Unloaded the bike in front of the sector headquarters for the Medencino National Forest (Paskenta). I think the last time I was in this area the now abandon lumber mill was still in operation and this small town looked a bit more prosperous.





The sun was shining brightly, no wind and I guess about 68 degrees. A block from the center of town, I made a left turn and headed NE on Lowery rd, which for some reason I assumed would be dirt. Silly me, if I looked at my topo map more closely I would have realized that Lowery rd. would remain at about 500 feet elevation for at least 20 miles. Around 'here' roads at that elevation are either paved (almost always) or gravel. As most of us know, gravel is generally a road surface that we can do without. Seems those in the know, maintain a very light hold on the bars and let the front wheel 'intuitively' float and the gyroscopic action of the rotating wheel generally keeps us upright. I forced myself to lighten up on my death-grip, at least so blood would flow to my fingers. I had to wonder however, how much gyroscopic force can a wheel turning at 3.5mph produce.

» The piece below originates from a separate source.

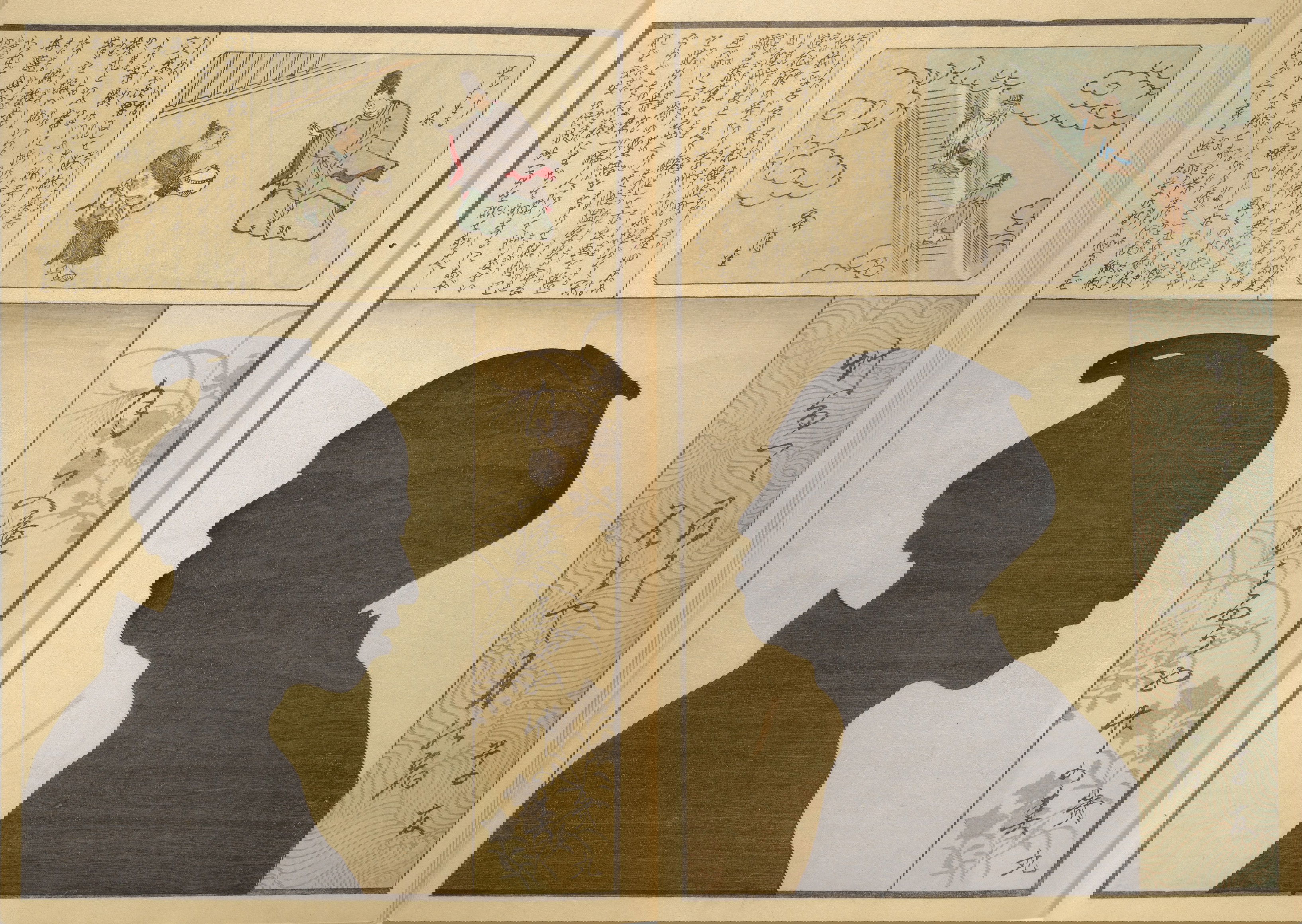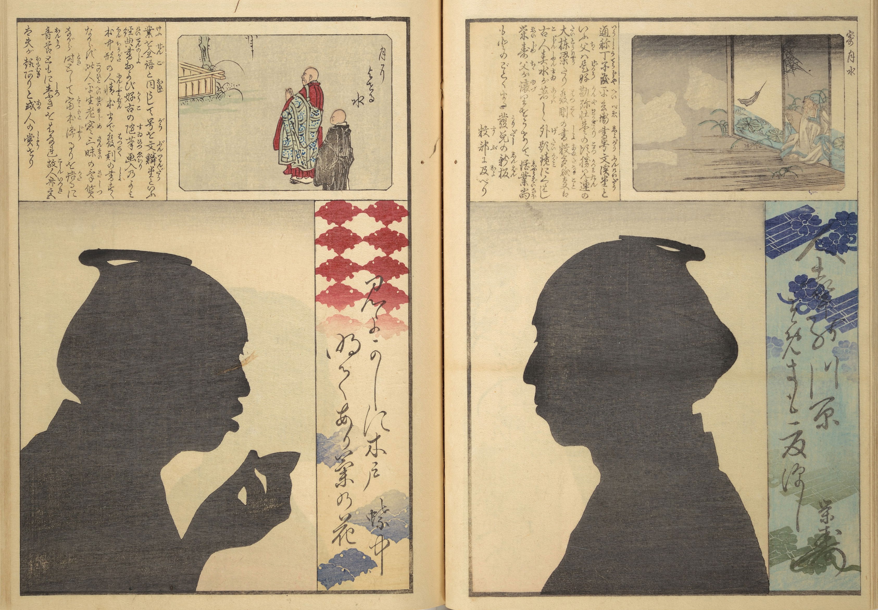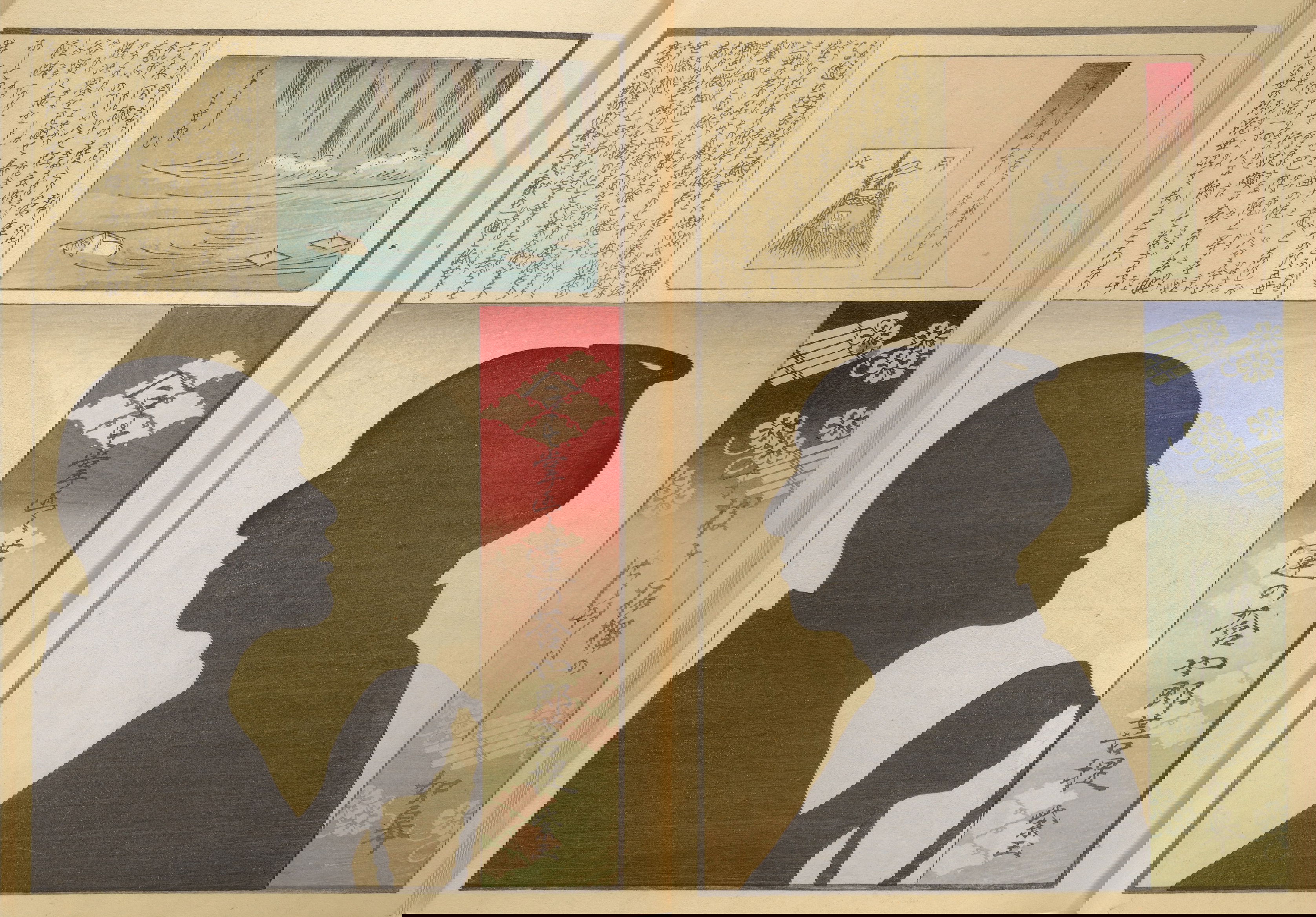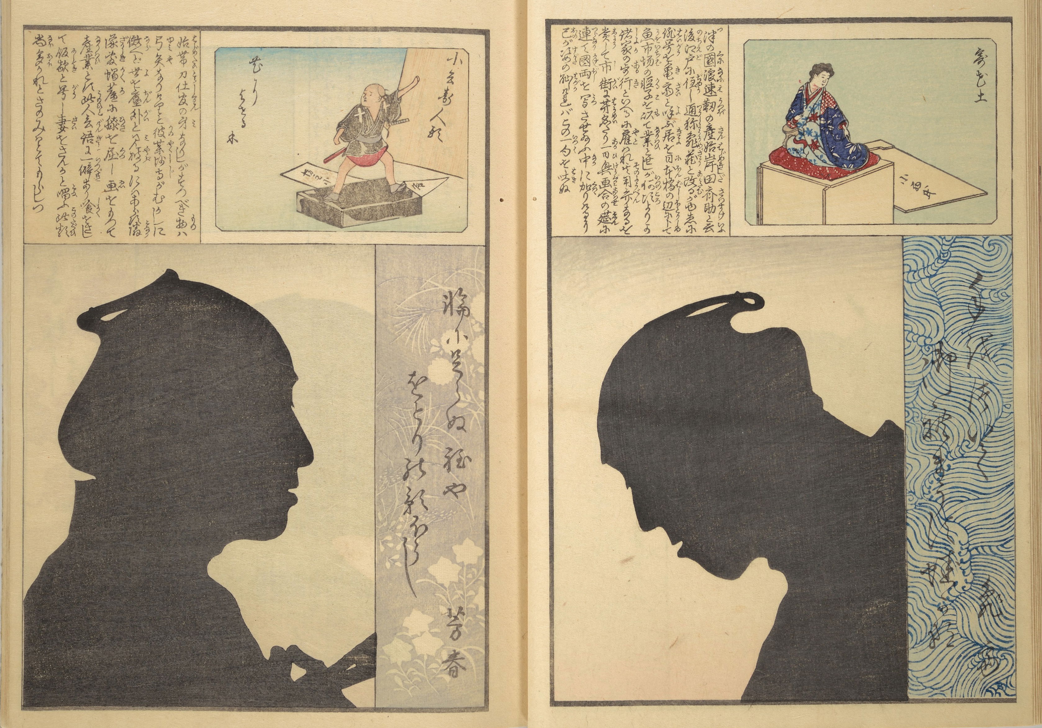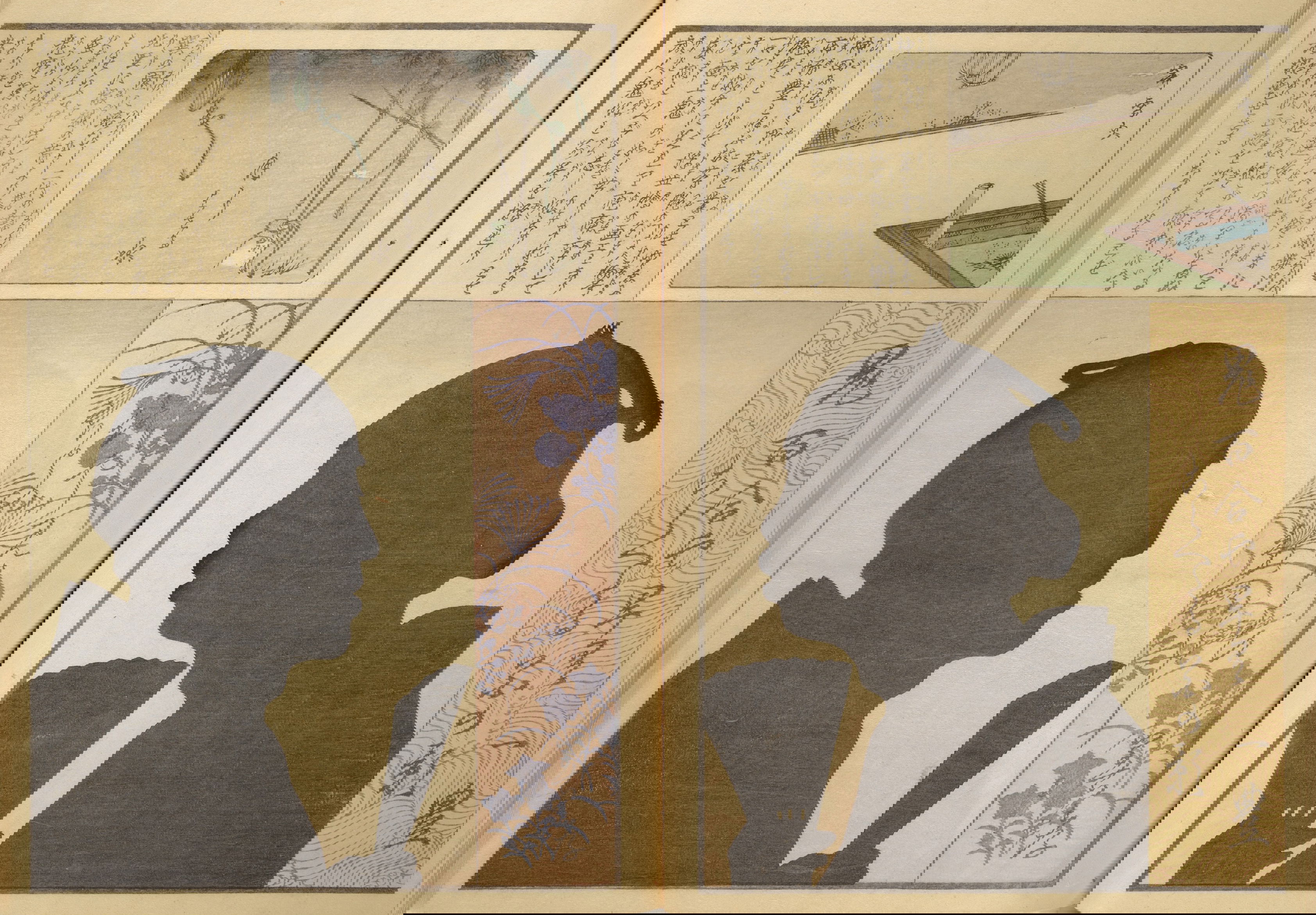 Silhouette portraits came into fashion in late-nineteenth-century Japan following their popularity in Europe and the United States. They were a form of party entertainment. Partygoers would take turns sitting behind a paper sliding door (shōji) while an entertainer captured their backlit silhouettes. A simple leisure activity soon gave way to more complex publications and commemorations. Clear Shadows (Kumanaki kage, 1867), for instance, is a compilation of silhouette portraits depicting members of the kyōga-awase club by the artist Ochiai Yoshiiku (1833–1904), which includes short biographies, picture riddles, and poems. Kyōga-awase (picture-matching for amusement) was played somewhat like Pictionary, where each person was given a subject to illustrate — and could draw anything but the subject itself. Points were awarded on the basis of cleverness.

After a slow 20 miles, I started to quickly gain some altitude and headed from scrub to evergreens. The dirt road (s) were (all) so well groomed that you could drive your grandparents Buick along my entire route. There were certainly many opportunities for those with more insurance than brains to test the size of their testosterone producing spheres.







Likely, one of the reasons the roads, at least the ones I took might be in such good condition could be attributed to Winter closure. The Ranger that I spoke with when loading my bike back up indicated that before the surface can get to nasty, the road are gated. I have in the past come across so many dirt surface roads very badly rutted by semi-stuck four-wheel drive rigs. Then again, if you have a 4 wheel-drive rig, winter fun is seeing how far you can go down the muddy road.





As with every adventurer, here I am pointing off into the unknown. Even though I may have many of the electronic gadgets known to man, I am still inclined to mark my trail when in a new area (surveyors paint). A big weak point of mine is, though I have lots of gadgets, I barely know how to use them. As well, trail marking is simple and effective, BUT you need to be consistent and have a style that clearly conveys intent. I have lines with arrows (sometimes at both ends of the line). They are generally at intersections that hopefully show (clearly) my direction of travel. Should I ever need to rely on my markings, I suspect I would find them to be woefully short of ideal. Especially if it was getting late and I was nervous about getting lost.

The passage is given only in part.